= Kyle Loomis =

Former College football player (born 1987)

Kyle Loomis (born September 30, 1987) is a former College football punter.

==Early life==

Loomis was born on September 30, 1987, to Tom and Cathy Loomis in Roseburg, Oregon. He attended Roseburg High School where he lettered in football from 2002 to 2005. He was a first team all conference punter for three seasons, and a first team kicker for two. As a junior and senior, he was named first team all state as a punter. In his senior season, he was named team MVP and second team all state as a kicker.

==Oregon State==

Loomis accepted an offer to Oregon State, where he started at punter as a true freshman. In his freshman season, he averaged 41.3 yards per punt. Despite an outstanding freshman year, Loomis left the team shortly before fall camp for personal reasons.

==Military service==

Loomis enlisted in the Army in 2007, where he was assigned to the 2-325 Airborne Infantry Regiment - 82nd Airborne Division in Fort Bragg, NC. After nearly a four-year career, Loomis received an honorable discharge from the Army.

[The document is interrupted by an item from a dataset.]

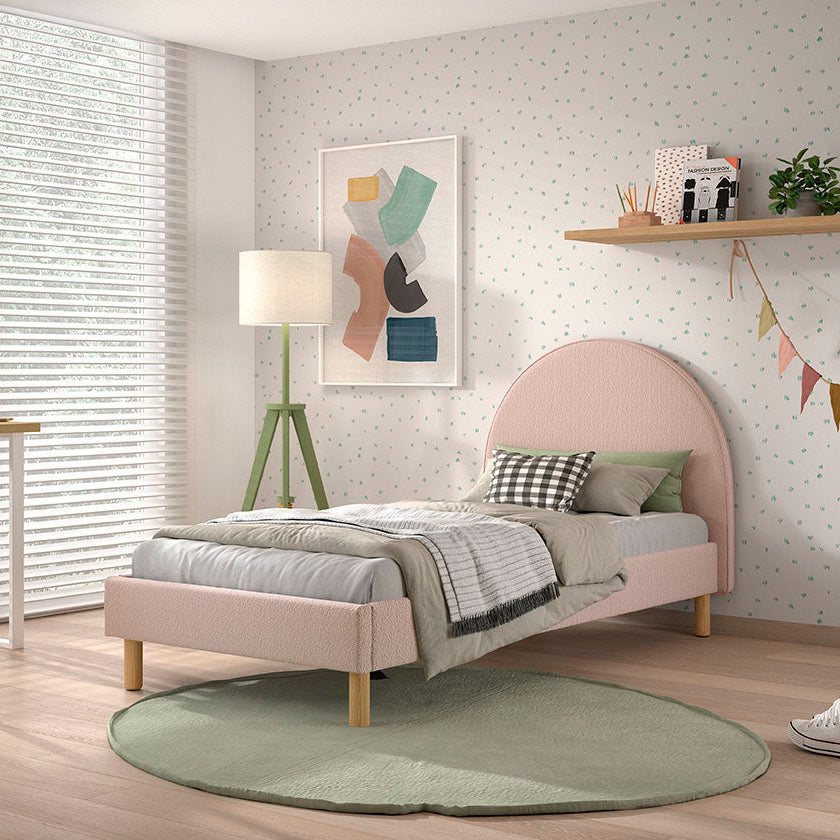 Moon-sarjan verhoiltu sänky on ajattoman tyylikäs valinta lasten- tai nuortenhuoneeseen. Sängyn 90 x 200 cm runko on verhoiltu pehmeällä valkoisella bouclé-kankaalla, joka tuo tilaan lämpöä ja kutsuvaa tunnelmaa. Pyöristetty pääty viimeistelee kokonaisuuden pehmeällä muotoilulla.
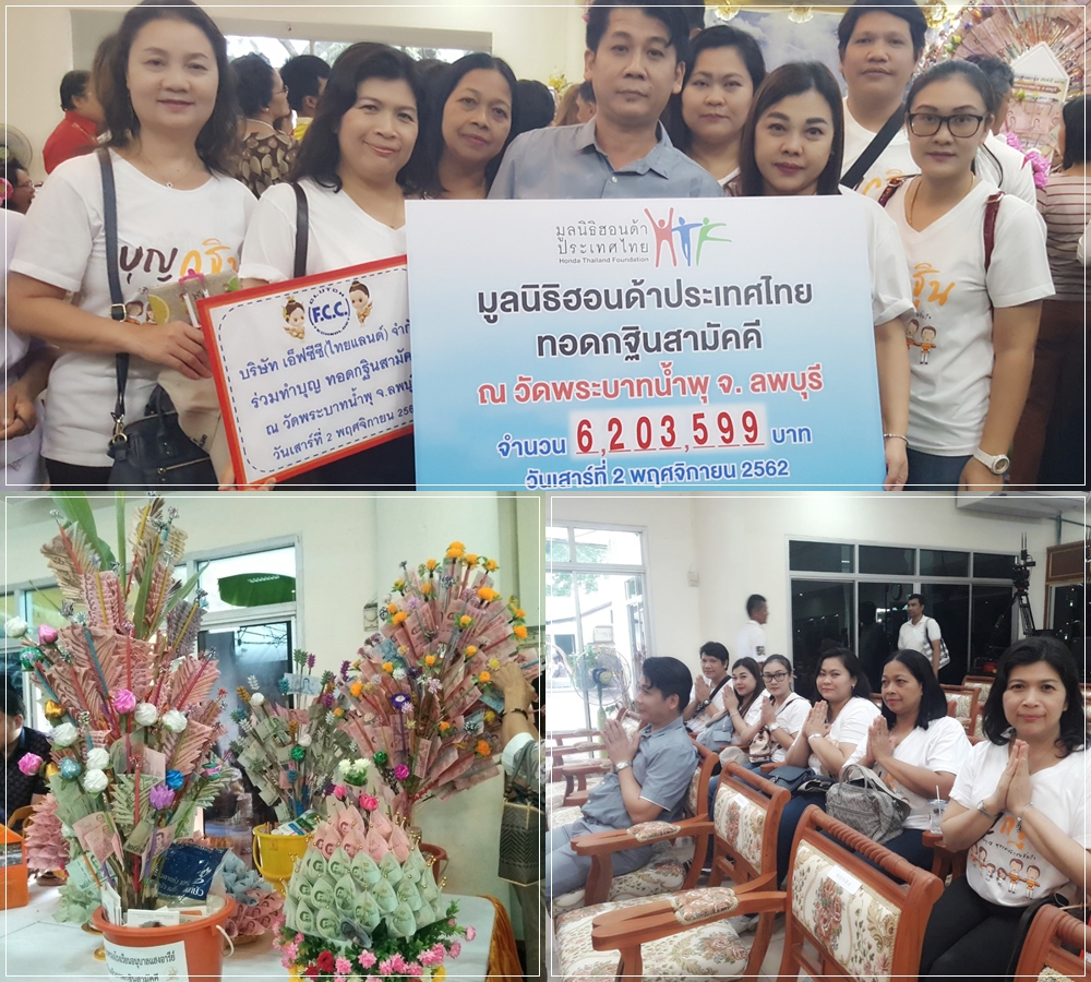 บริษัท เอ็ฟซีซี (ไทยแลนด์) จำกัด สาขานิคมอมตะซิตี้ชลบุรี ได้เข้าร่วมทำบุญ ทอดกฐินสำมัคคี ณ วัดมำบสำมเกลียว เมื่อ 08/11/2562 ที่ผ่านมา ดูเพิ่มเติม

He returned home to Roseburg, Oregon and obtained a position as an interim engineer with the Oregon Department of Transportation.

==Portland State==

After seven years away from football, Loomis enrolled at Portland State University in the fall of 2012. He walked onto the football team, and led the nation in punting, with an average of 46.5 yards. While at Portland State, he majored in criminal justice.

==Professional career==

Loomis participated in the 2015 Seattle Seahawks minicamp on a tryout basis.